**YOUR OBJECTIVE:** Retype all of the data word for word, without pictures.

**INFORMATION SHOWN:**
● ● ● ●

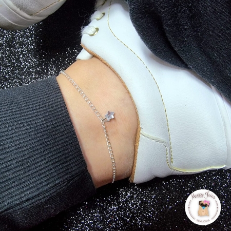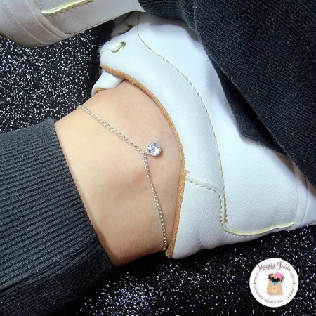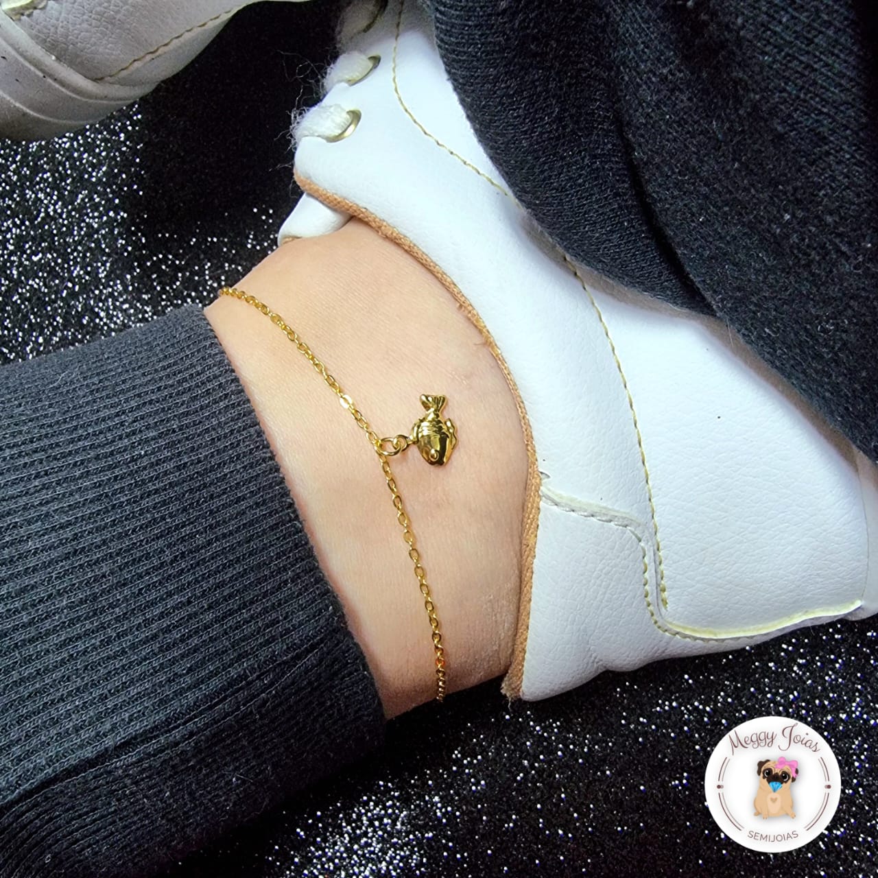 - Tornozeleira folheada a ouro trabalhada mini elos com pingente embutido;
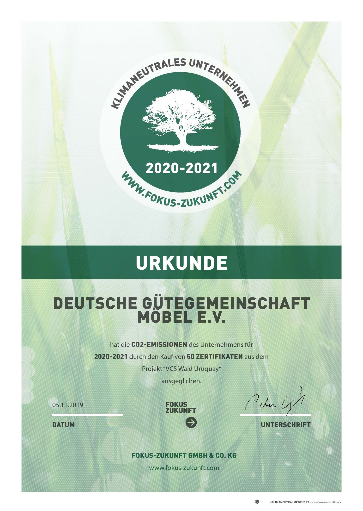 Bild: Die Urkunde über die Klimaneutralität der DGM-Geschäftsstelle. Grafik: DGM
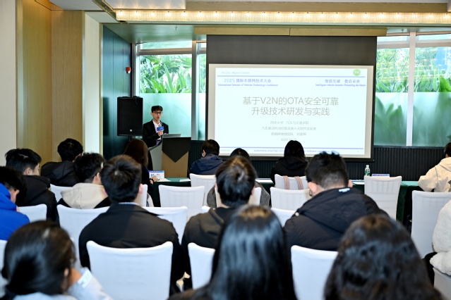 在大会同期举办的“车辆前沿学术”分论坛上,我院阴晓峰教授团队研究生刘莫焊同学以《基于V2N 的OTA安全可靠升级技术研发与实践》为题作学术交流报告,向来自全球的行业专家、学者分享了团队在智能网联汽车OTA升级领域的最新研究成果。报告中,刘莫焊同学详细阐述了团队自主研发的核心技术体系:基于 V2N 通信架构构建车云一体化OTA 系统,打造支持多终端灵活访问的网联汽车OTA云平台,同步完成智能车载终端硬件与软件的自主开发;创新构建“混合加密 + 双向身份认证 + 完整性校验”的三重安全防护屏障,并引入升级回滚机制与断点续传功能,最终形成覆盖“云 - 管 - 端”全链路、兼具高安全性与高可靠性的车辆全生命周期升级解决方案,为解决智能网联汽车OTA升级中的安全隐患与稳定性难题提供了有效技术路径。

● ● ● ●

**YOUR RESPONSE:**
 - Tornozeleira folheada a ouro trabalhada mini elos com pingente embutido;
 Bild: Die Urkunde über die Klimaneutralität der DGM-Geschäftsstelle. Grafik: DGM
 在大会同期举办的“车辆前沿学术”分论坛上,我院阴晓峰教授团队研究生刘莫焊同学以《基于V2N 的OTA安全可靠升级技术研发与实践》为题作学术交流报告,向来自全球的行业专家、学者分享了团队在智能网联汽车OTA升级领域的最新研究成果。报告中,刘莫焊同学详细阐述了团队自主研发的核心技术体系:基于 V2N 通信架构构建车云一体化OTA 系统,打造支持多终端灵活访问的网联汽车OTA云平台,同步完成智能车载终端硬件与软件的自主开发;创新构建“混合加密 + 双向身份认证 + 完整性校验”的三重安全防护屏障,并引入升级回滚机制与断点续传功能,最终形成覆盖“云 - 管 - 端”全链路、兼具高安全性与高可靠性的车辆全生命周期升级解决方案,为解决智能网联汽车OTA升级中的安全隐患与稳定性难题提供了有效技术路径。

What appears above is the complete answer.